◆ **DATA**:

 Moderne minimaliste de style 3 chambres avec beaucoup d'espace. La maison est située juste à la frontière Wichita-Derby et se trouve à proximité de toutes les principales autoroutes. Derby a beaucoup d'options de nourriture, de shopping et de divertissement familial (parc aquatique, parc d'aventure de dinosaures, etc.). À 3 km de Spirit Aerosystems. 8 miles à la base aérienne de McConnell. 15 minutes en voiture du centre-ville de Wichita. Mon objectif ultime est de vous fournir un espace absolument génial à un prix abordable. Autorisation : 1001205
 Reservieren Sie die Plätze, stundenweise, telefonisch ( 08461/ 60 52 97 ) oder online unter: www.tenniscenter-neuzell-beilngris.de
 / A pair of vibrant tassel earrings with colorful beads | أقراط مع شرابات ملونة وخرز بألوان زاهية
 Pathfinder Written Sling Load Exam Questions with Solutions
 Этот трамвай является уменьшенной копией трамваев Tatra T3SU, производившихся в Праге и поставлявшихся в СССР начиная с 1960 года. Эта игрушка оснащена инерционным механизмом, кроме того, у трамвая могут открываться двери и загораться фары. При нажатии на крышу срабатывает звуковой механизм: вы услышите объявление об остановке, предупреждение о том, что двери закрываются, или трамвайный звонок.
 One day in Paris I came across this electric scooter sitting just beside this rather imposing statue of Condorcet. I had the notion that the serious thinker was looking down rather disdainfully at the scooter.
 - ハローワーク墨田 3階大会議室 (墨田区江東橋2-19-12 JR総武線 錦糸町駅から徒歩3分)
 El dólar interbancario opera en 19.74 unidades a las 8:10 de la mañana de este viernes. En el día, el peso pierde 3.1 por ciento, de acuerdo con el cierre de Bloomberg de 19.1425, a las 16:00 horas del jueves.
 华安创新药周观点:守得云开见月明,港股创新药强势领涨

◆ **AIM OF THE EXERCISE**:
Word for word, restate the lines of the data above that fall between the line holding "One day in Paris" and the line holding "- ハローワーク墨田 3階大会議室", inclusive, and no other lines.

◆ **SOLUTION FOR THIS PROBLEM**:
 One day in Paris I came across this electric scooter sitting just beside this rather imposing statue of Condorcet. I had the notion that the serious thinker was looking down rather disdainfully at the scooter.
 - ハローワーク墨田 3階大会議室 (墨田区江東橋2-19-12 JR総武線 錦糸町駅から徒歩3分)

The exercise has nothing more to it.